A Stringy Nature Needs Just Two Constants



In PF, Marcus notes:
"I see that the whole contents of EPL from July thru December 1986 is
free to download until the end of the year. If you (or anyone else)
sees any other paper that might be of special historical interest,
please let us know"

Really this is the situation of some journals, whose free window
closes in December, or in July and December. So it is a good month to
notice it and point our relevant papers not in the ArXiV.

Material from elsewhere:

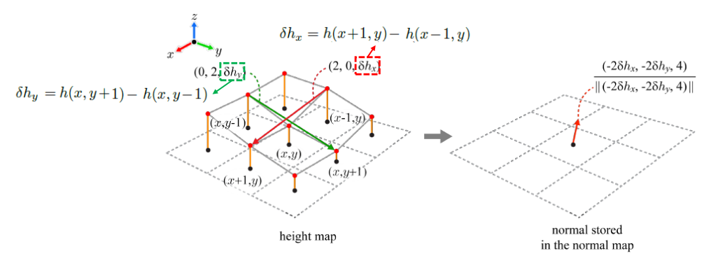 - height map으로 normal map을 만들 수 있다.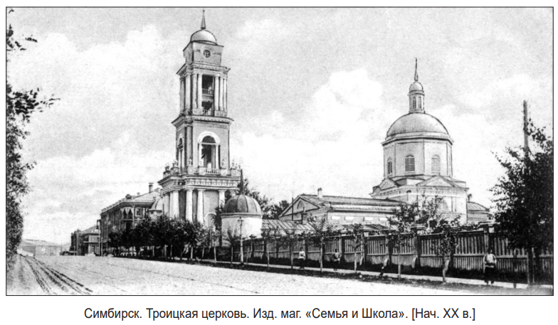- : Церкви на горе. – С. 41). 2 «Троицкая: В первонач. виде существовала в конце XVII ст. (в 1700 году Троицкий приход в Симб. уже был)…». Источ.: Справочная книжка и адрес-календарь Симбирской губернии на 1916 год / изд. Симбир. ГСК ; под ред. секр. ком. – Симбирск : Губ. типо-лит., 1916. – С. CV.

The paper I was intrigued about is

http://www.iop.org/EJ/abstract/0295-5075/2/3/006

==================================
A Stringy Nature Needs Just Two Constants

G. Veneziano
CERN - Geneva, Switzerland

Abstract. Dual string theories of everything, being purely
geometrical, contain only two fundamental constants: c, for
relativistic invariance, and a length l, for quantization. Planck's
and Newton's constants appear only through Planck's length, a
"calculable" fraction of l. Only the existence of a light sector
breaks a "reciprocity" principle and unification at l, which is also
the theory's cut-off.
==================================

The paper somehow rejects Planck constant, telling that measured
quantities can be related to Compton lengths instead. So he only needs
Planck lenght and c. Or Planck length and Planck time, as the quotient
produces c.

Pretty strange paper.

.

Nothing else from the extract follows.